Data supplied:
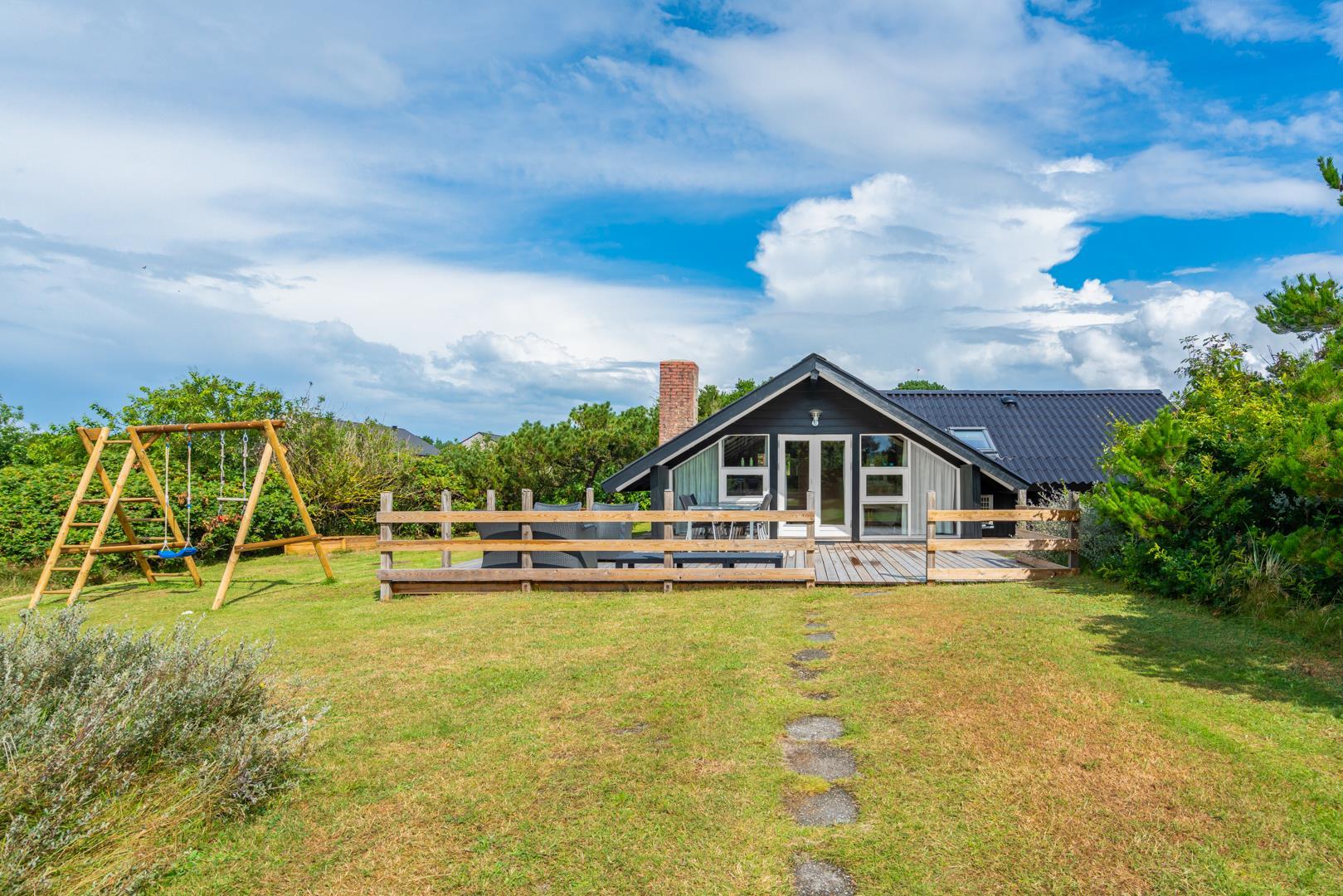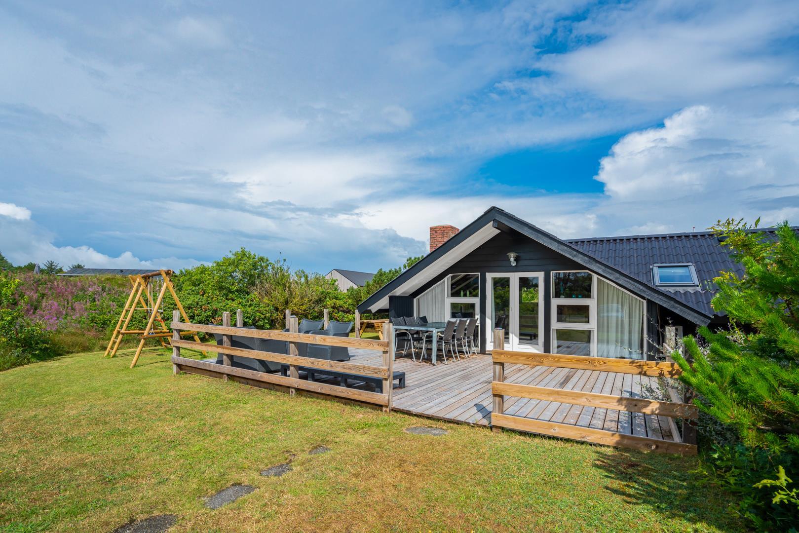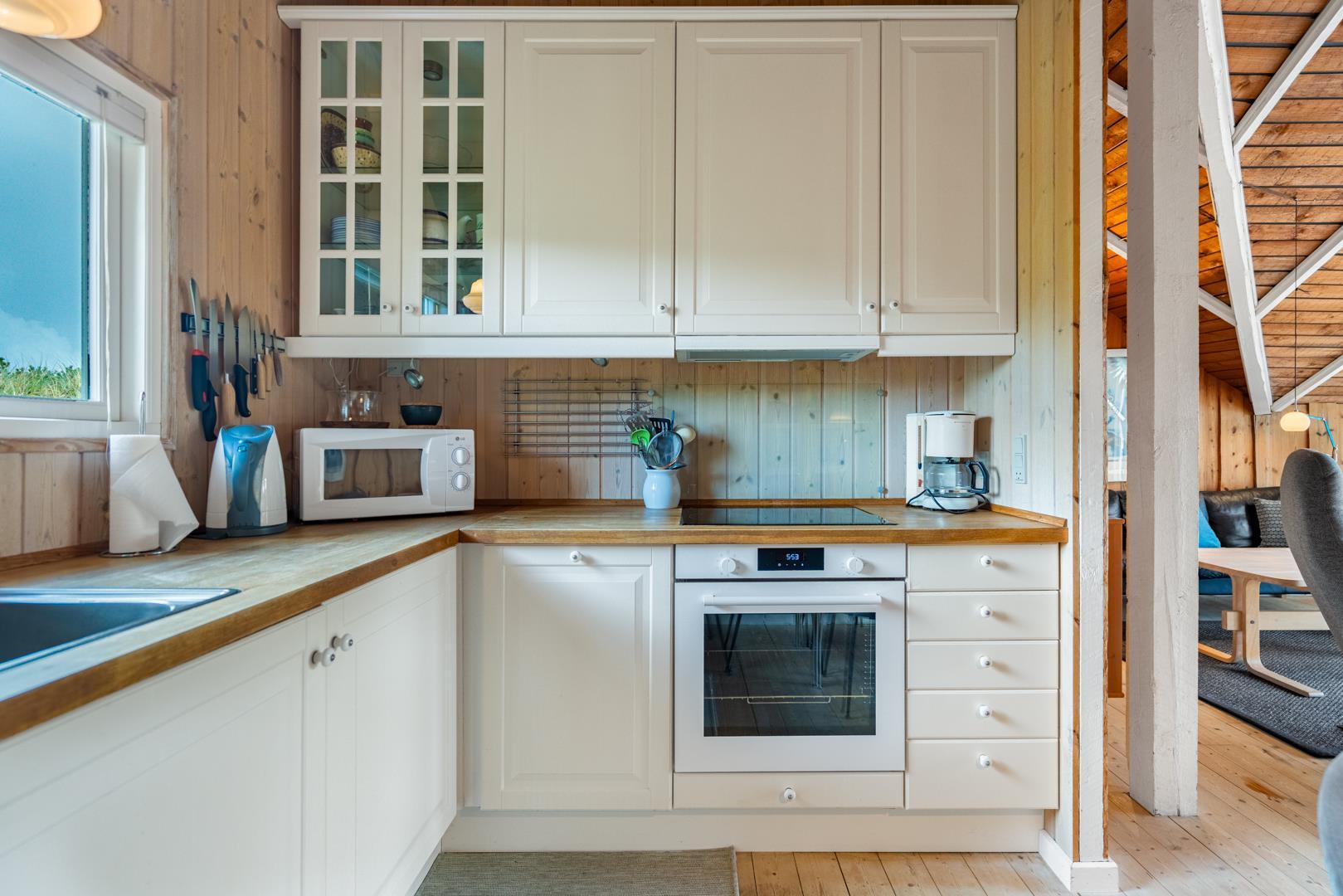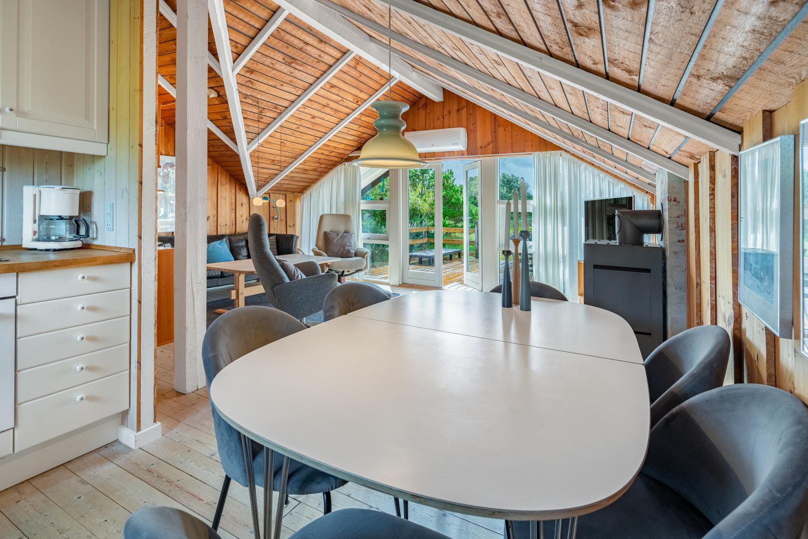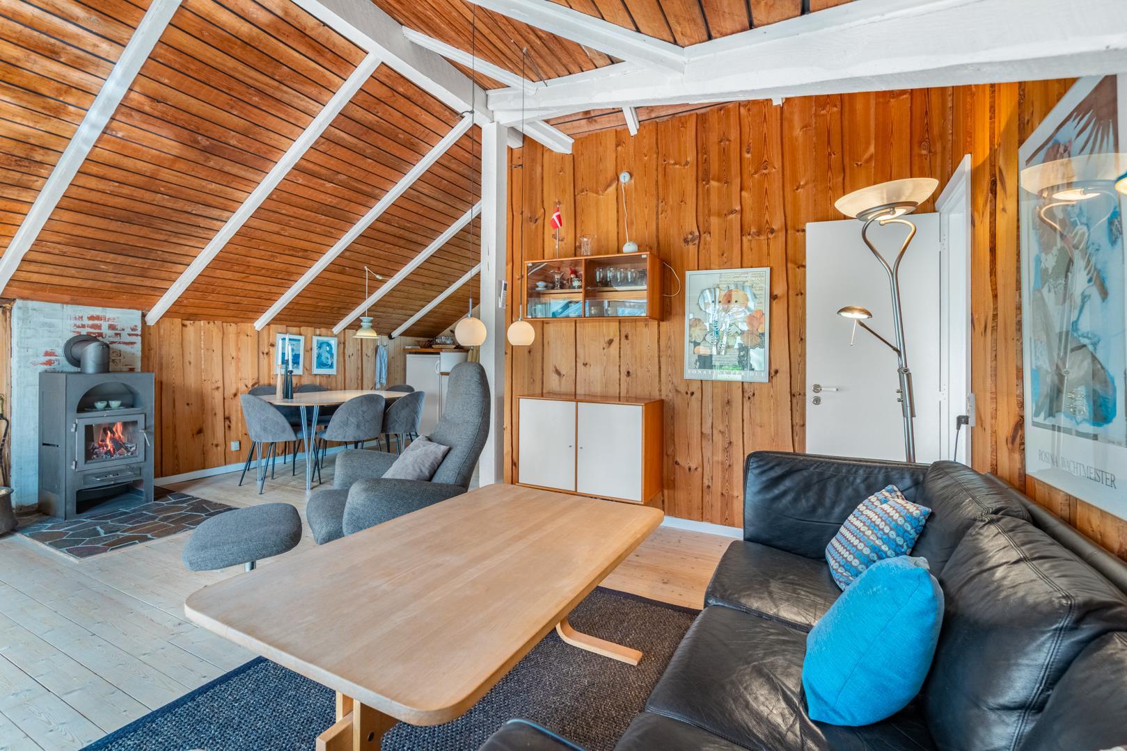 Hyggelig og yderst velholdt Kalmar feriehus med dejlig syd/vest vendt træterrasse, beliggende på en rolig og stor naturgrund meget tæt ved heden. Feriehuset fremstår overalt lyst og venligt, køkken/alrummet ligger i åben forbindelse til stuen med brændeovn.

* * *

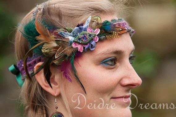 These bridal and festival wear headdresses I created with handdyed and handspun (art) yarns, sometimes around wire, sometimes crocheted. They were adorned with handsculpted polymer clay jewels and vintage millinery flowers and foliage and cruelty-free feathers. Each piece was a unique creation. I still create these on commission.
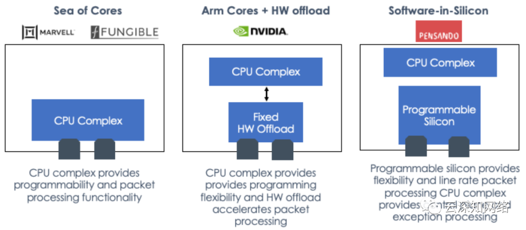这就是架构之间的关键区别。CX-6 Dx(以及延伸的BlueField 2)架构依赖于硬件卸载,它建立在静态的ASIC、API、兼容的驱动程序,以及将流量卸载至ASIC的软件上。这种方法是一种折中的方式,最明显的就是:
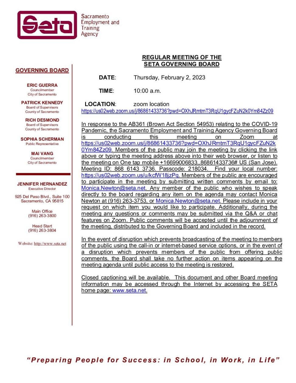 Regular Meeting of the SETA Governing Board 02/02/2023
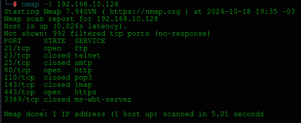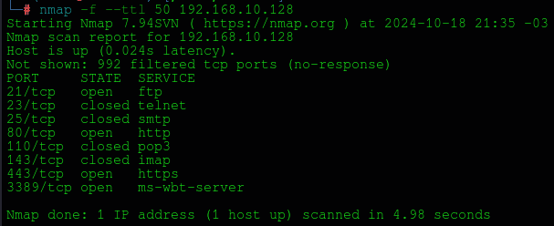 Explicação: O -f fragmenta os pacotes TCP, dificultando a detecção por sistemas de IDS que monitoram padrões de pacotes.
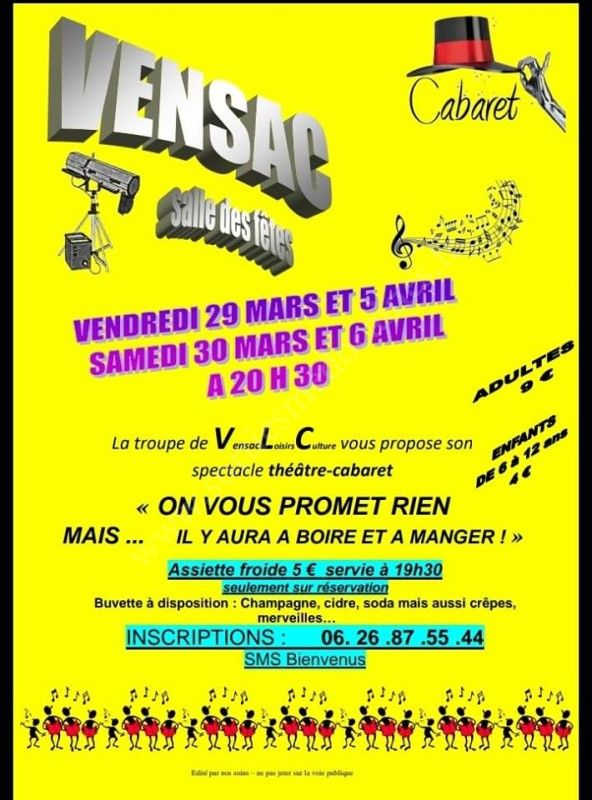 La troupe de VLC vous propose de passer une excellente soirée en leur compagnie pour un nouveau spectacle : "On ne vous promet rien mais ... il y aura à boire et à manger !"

What the exercise asks: Everything above from the line containing "Explicação: O -f" through the line containing "La troupe de" must be repeated exactly, and the pictures must be left out.

Exercise response:
 Explicação: O -f fragmenta os pacotes TCP, dificultando a detecção por sistemas de IDS que monitoram padrões de pacotes.
 La troupe de VLC vous propose de passer une excellente soirée en leur compagnie pour un nouveau spectacle : "On ne vous promet rien mais ... il y aura à boire et à manger !"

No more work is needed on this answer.